=== Section Start ===
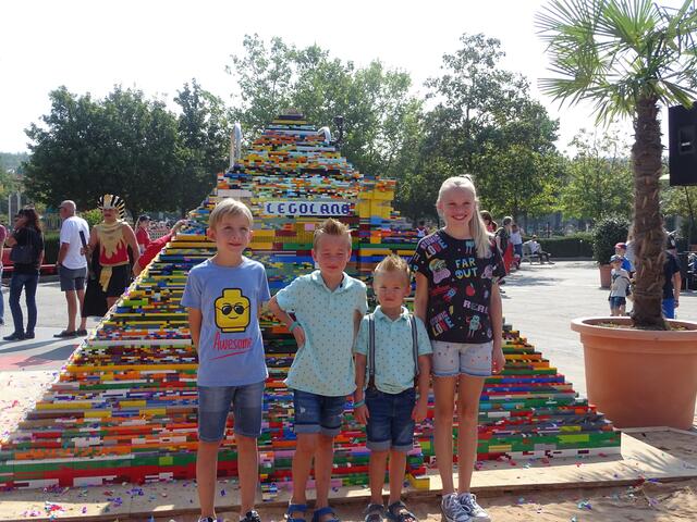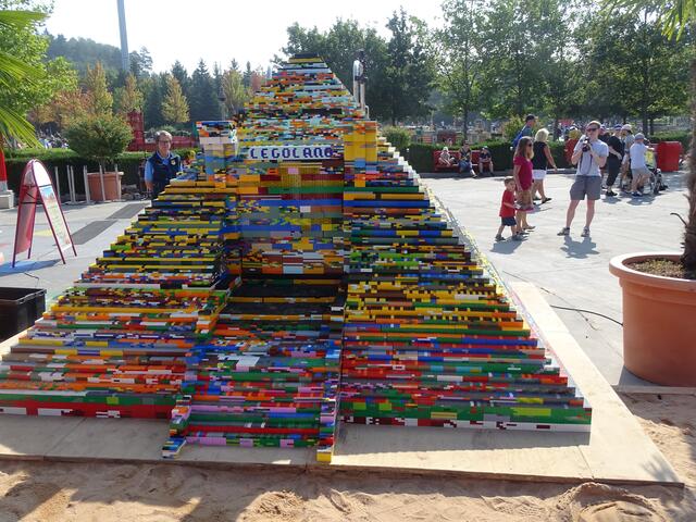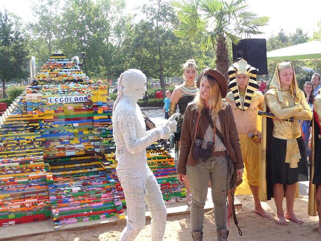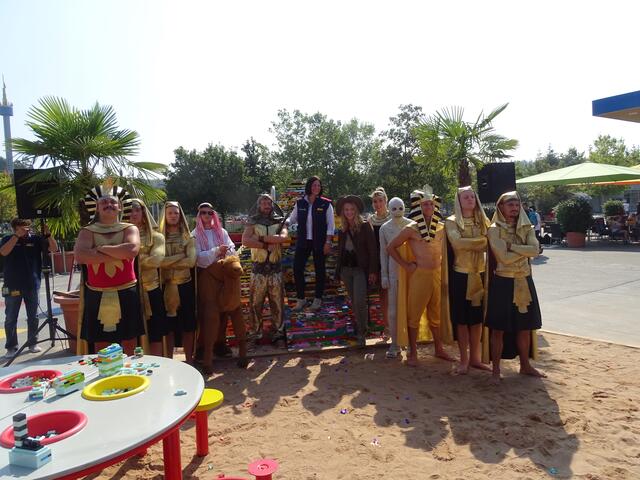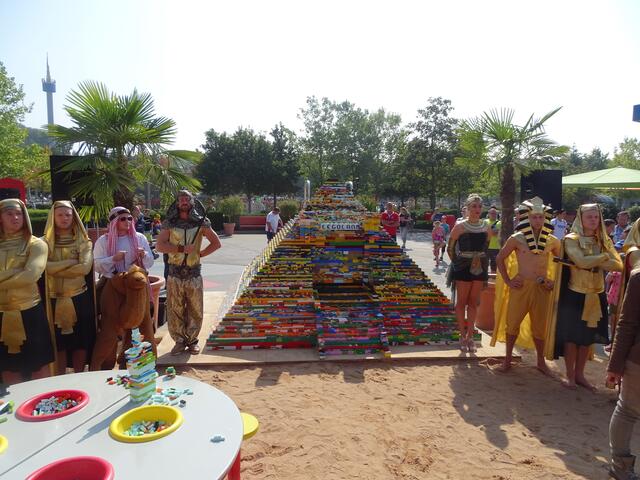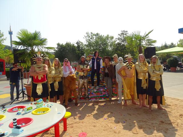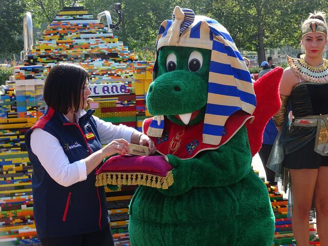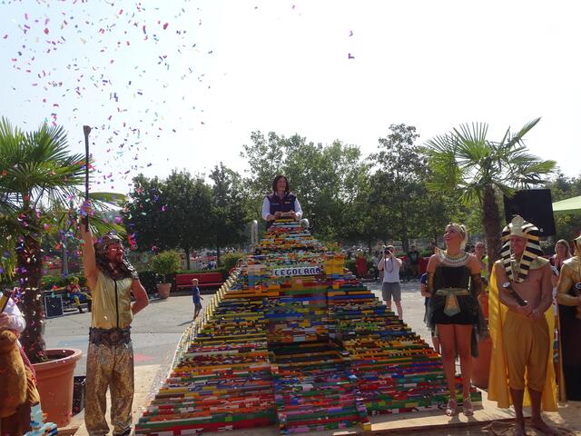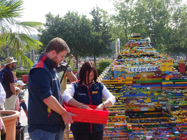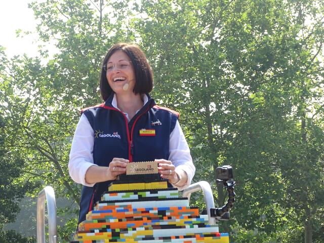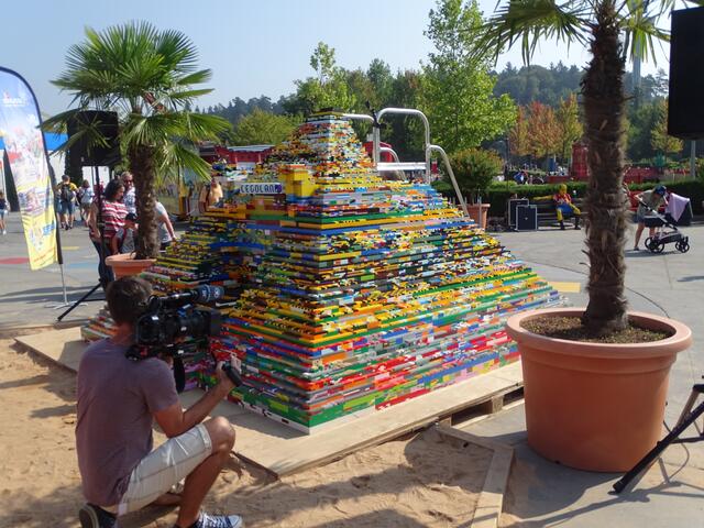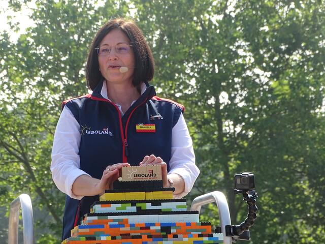 Legoland Chefin Manuela Stone setzte den finalen Stein auf die größte  Lego Pyramide der Welt. 8 000 Familien hatten an dieser Pyramide mitgearbeitet
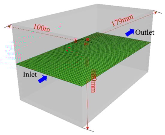 To validate the HM coupling model, a cubic model is generated with dimensions of 179 mm × 100 mm × 100 mm, following similar settings as in the experiments by Rong et al. []. As shown in Figure 2, a fracture with an initial width of 1.39 mm is embedded in the middle. A normal stress of 3.0 MPa was applied to the top side, and the normal displacement on the bottom boundary was fixed. The empirical constant q = 1.46 × 10−6 was adopted. Water was injected at the left side at a constant rate, the right side was left for free outflow, and the inlet pressure was recorded under different injection rates.
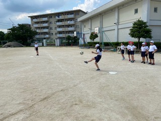 雷がなったため、途中で中止になり全員がボールにさわることはできませんんでしたが、参加しようとする姿は見られたので、この調子で授業に取り組んでもらいたいです!
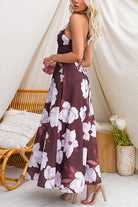 Halter V Neck Back Lace-up Floral Print Maxi Dress
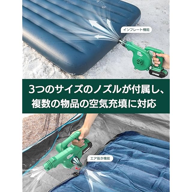 【2025新型空気入れ/空気吸引機能ブロワー】サイズの異なる3つのノズルが付属(Mサイズ:16mm、Lサイズ:22mm、Sサイズ:5mm)、屋内でも屋外でも、浮き輪、インフレータブルボート、インフレータブルソファ、ヨガボールなどを簡単に膨らませたり収縮させたりできます。送風機、集塵機だけでなく、空気注入や抽気にも応用でます。
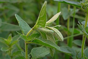 1-2: Befallsbilder an Dost (Origanum vulgare) mit Raupe an der umgeknickten Triebspitze: Deutschland, Thüringen, Umg. Jena-Göschwitz, 30. Mai 2012 (det. & Freilandfotos: Heidrun Melzer)Forum
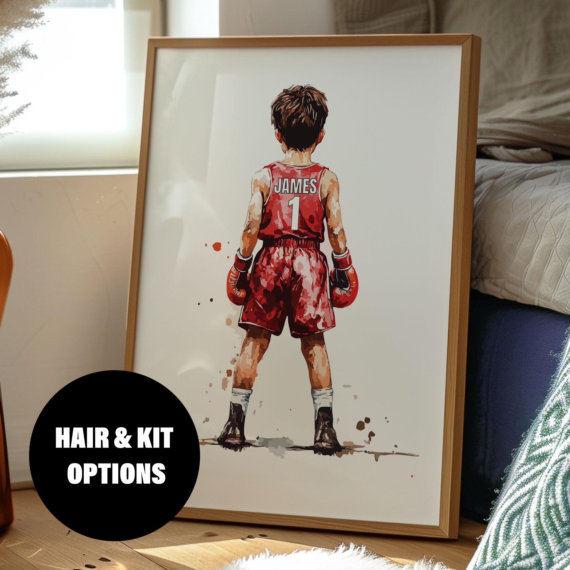 Introducing our stunning personalised watercolour print of a young boxer, perfect for inspiring the ...
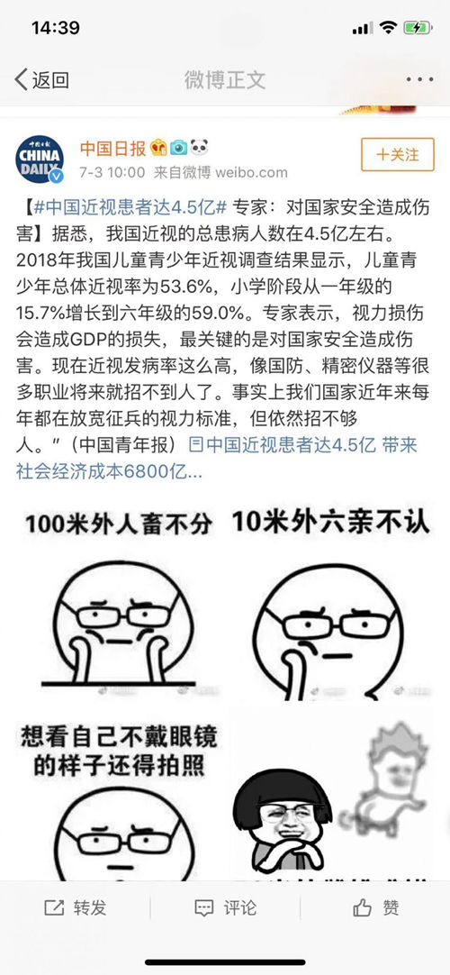 2018年8月,教育部、國家衛生健康委員會等8部門聯合印發《綜合防控兒童青少年近視實施方案》,提出了到2030年中國6歲兒童近視率控制在3%左右的目標。近視防治成了一個全民關注的話題。
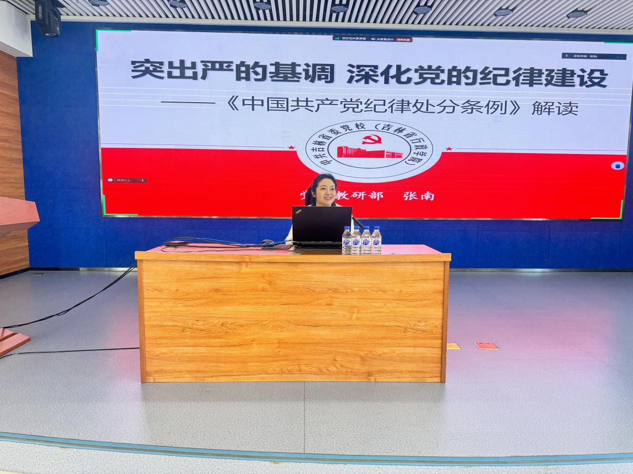 中共吉林省委黨校黨建教研部副主任張南副教授以《突出嚴的基調,深化黨的紀律建設》為題作報告,系統闡述了《中國共產黨紀律處分條例》主要內容,詳細解讀了新增和修訂的條款。報告具有很強的針對性和指導性,對于幫助紀檢委員理解把握《條例》的內涵要義以及今后學好、用好《條例》,自覺增強黨性修養,錘煉紀律作風有著重要的作用。
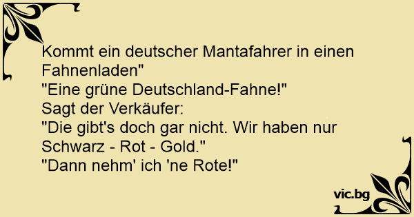 Kommt ’n Manta-Fahrer in ’nen Flaggenladen und sagt: – „Ich hätt‘ gern ’ne grüne Deutschlandflagge.“ Sagt der Flaggenverkäufer: – „Ich hab‘ die nur in schwarz-rot-gold.“ Darauf der Manta-Fahrer: –...
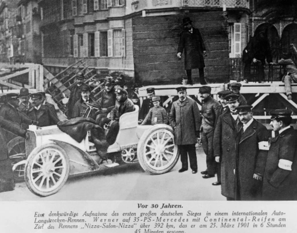 Автомобіль Mercedes 35 hp, заявлений бароном де Ротшильдом, на фініші гонки “Ніцца-Салон-Ніцца” 25 березня 1901 року. Вільгельм Вернер виграв гонку на дистанції 392 кілометри – з результатом 6 годин 45 хвилин.
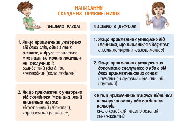 Тема уроку: Написання складних прикметників разом і з дефісом
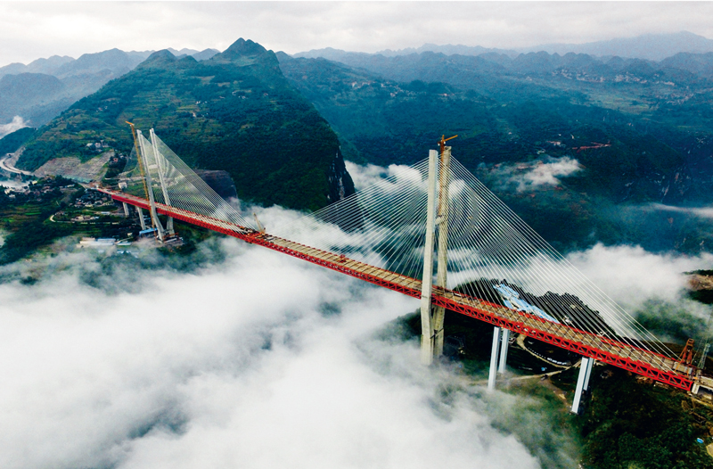 未來(lái)的路從腳下延伸。扶貧脫貧事業(yè)是一項(xiàng)長(zhǎng)期的歷史性任務(wù),沒(méi)有終點(diǎn),只有不斷開創(chuàng)的新起點(diǎn)。北盤江大橋是中國(guó)快速發(fā)展的一個(gè)縮影,它的建成極大改善了云貴地區(qū)的交通情況。圖為云端俯瞰的“世界最高橋”北盤江大橋。 吳東俊/攝
=== Section End ===
**WHAT NEEDS TO BE DONE**
Restate word for word, please, the line containing "1-2: Befallsbilder an" and all lines after it through the end of the material; the pictures do not belong in the copy.

**ANSWER SPACE**
 1-2: Befallsbilder an Dost (Origanum vulgare) mit Raupe an der umgeknickten Triebspitze: Deutschland, Thüringen, Umg. Jena-Göschwitz, 30. Mai 2012 (det. & Freilandfotos: Heidrun Melzer)Forum
 Introducing our stunning personalised watercolour print of a young boxer, perfect for inspiring the ...
 2018年8月,教育部、國家衛生健康委員會等8部門聯合印發《綜合防控兒童青少年近視實施方案》,提出了到2030年中國6歲兒童近視率控制在3%左右的目標。近視防治成了一個全民關注的話題。
 中共吉林省委黨校黨建教研部副主任張南副教授以《突出嚴的基調,深化黨的紀律建設》為題作報告,系統闡述了《中國共產黨紀律處分條例》主要內容,詳細解讀了新增和修訂的條款。報告具有很強的針對性和指導性,對于幫助紀檢委員理解把握《條例》的內涵要義以及今后學好、用好《條例》,自覺增強黨性修養,錘煉紀律作風有著重要的作用。
 Kommt ’n Manta-Fahrer in ’nen Flaggenladen und sagt: – „Ich hätt‘ gern ’ne grüne Deutschlandflagge.“ Sagt der Flaggenverkäufer: – „Ich hab‘ die nur in schwarz-rot-gold.“ Darauf der Manta-Fahrer: –...
 Автомобіль Mercedes 35 hp, заявлений бароном де Ротшильдом, на фініші гонки “Ніцца-Салон-Ніцца” 25 березня 1901 року. Вільгельм Вернер виграв гонку на дистанції 392 кілометри – з результатом 6 годин 45 хвилин.
 Тема уроку: Написання складних прикметників разом і з дефісом
 未來(lái)的路從腳下延伸。扶貧脫貧事業(yè)是一項(xiàng)長(zhǎng)期的歷史性任務(wù),沒(méi)有終點(diǎn),只有不斷開創(chuàng)的新起點(diǎn)。北盤江大橋是中國(guó)快速發(fā)展的一個(gè)縮影,它的建成極大改善了云貴地區(qū)的交通情況。圖為云端俯瞰的“世界最高橋”北盤江大橋。 吳東俊/攝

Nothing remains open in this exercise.